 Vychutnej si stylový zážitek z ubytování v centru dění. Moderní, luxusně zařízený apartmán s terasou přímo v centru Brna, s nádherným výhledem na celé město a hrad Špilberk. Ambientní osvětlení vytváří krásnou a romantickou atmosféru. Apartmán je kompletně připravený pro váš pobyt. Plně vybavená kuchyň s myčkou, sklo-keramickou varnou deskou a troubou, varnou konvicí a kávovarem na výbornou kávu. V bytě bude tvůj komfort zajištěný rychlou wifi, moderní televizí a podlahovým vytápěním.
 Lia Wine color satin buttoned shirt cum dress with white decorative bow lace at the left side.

■ ■ ■ ■

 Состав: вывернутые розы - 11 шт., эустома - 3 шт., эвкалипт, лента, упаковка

■ ■ ■ ■

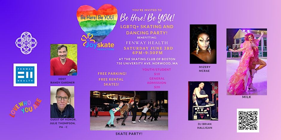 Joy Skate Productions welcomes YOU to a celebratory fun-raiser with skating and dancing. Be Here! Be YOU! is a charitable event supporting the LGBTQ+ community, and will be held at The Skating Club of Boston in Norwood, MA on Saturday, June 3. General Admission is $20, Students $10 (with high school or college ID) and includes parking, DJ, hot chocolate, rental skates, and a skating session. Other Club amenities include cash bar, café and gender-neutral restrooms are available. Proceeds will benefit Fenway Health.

■ ■ ■ ■

◆ WORK REQUIRED ◆
Please give an exact copy of the entries above, from the line with "Vychutnej si stylový" down to the line with "Lia Wine color", inclusive, and nothing else.

◆ SOLUTION ◆
 Vychutnej si stylový zážitek z ubytování v centru dění. Moderní, luxusně zařízený apartmán s terasou přímo v centru Brna, s nádherným výhledem na celé město a hrad Špilberk. Ambientní osvětlení vytváří krásnou a romantickou atmosféru. Apartmán je kompletně připravený pro váš pobyt. Plně vybavená kuchyň s myčkou, sklo-keramickou varnou deskou a troubou, varnou konvicí a kávovarem na výbornou kávu. V bytě bude tvůj komfort zajištěný rychlou wifi, moderní televizí a podlahovým vytápěním.
 Lia Wine color satin buttoned shirt cum dress with white decorative bow lace at the left side.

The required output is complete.